### GIVEN INFORMATION
· · ·
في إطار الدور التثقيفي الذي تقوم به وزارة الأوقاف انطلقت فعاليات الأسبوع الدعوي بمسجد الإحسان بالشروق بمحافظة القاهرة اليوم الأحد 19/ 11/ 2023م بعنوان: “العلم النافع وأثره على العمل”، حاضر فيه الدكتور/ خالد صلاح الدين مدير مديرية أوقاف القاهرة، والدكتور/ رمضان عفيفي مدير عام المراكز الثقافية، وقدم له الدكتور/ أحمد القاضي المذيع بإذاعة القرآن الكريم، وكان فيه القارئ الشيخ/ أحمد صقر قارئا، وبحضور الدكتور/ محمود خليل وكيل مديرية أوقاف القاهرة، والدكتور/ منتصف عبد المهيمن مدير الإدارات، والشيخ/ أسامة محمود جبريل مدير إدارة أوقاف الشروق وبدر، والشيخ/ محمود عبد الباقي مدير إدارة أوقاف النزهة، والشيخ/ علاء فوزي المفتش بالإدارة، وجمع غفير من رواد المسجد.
· · ·
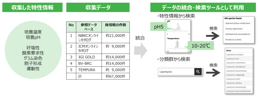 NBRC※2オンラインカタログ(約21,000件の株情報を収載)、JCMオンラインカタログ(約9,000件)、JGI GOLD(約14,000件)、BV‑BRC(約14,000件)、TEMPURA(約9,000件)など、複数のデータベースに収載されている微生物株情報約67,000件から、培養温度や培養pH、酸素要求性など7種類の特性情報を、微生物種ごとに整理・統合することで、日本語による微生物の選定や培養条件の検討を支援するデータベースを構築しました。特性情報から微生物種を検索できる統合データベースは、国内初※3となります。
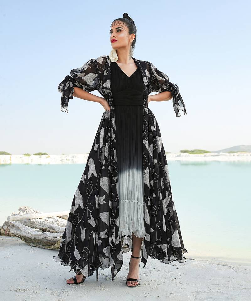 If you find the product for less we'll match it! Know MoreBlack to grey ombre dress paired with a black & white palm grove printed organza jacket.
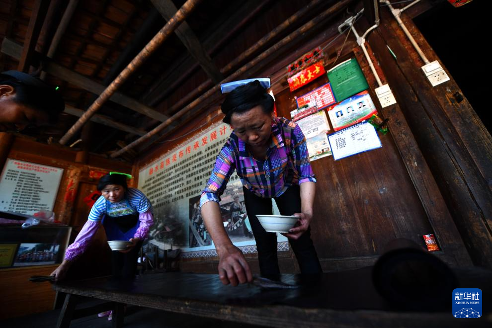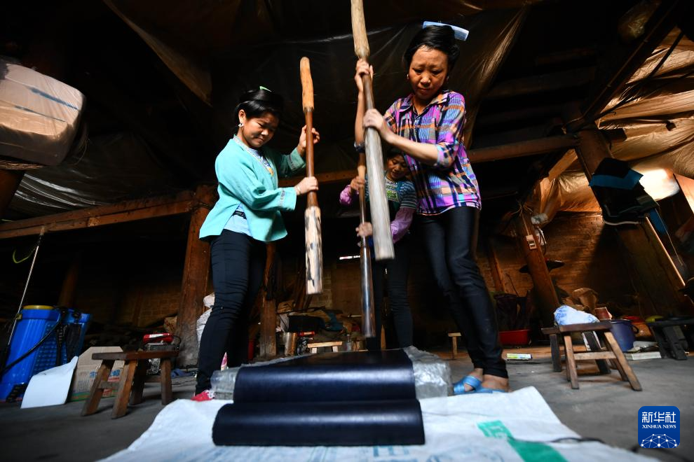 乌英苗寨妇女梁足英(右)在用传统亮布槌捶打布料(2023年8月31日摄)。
· · ·
### PROBLEM TO SOLVE
Repeat exactly the stretch of the listing above that starts with the line holding "NBRC※2オンラインカタロ" and finishes with the line holding "If you find", both included. Skip every picture.

### RESULT OF THIS TASK
 NBRC※2オンラインカタログ(約21,000件の株情報を収載)、JCMオンラインカタログ(約9,000件)、JGI GOLD(約14,000件)、BV‑BRC(約14,000件)、TEMPURA(約9,000件)など、複数のデータベースに収載されている微生物株情報約67,000件から、培養温度や培養pH、酸素要求性など7種類の特性情報を、微生物種ごとに整理・統合することで、日本語による微生物の選定や培養条件の検討を支援するデータベースを構築しました。特性情報から微生物種を検索できる統合データベースは、国内初※3となります。
 If you find the product for less we'll match it! Know MoreBlack to grey ombre dress paired with a black & white palm grove printed organza jacket.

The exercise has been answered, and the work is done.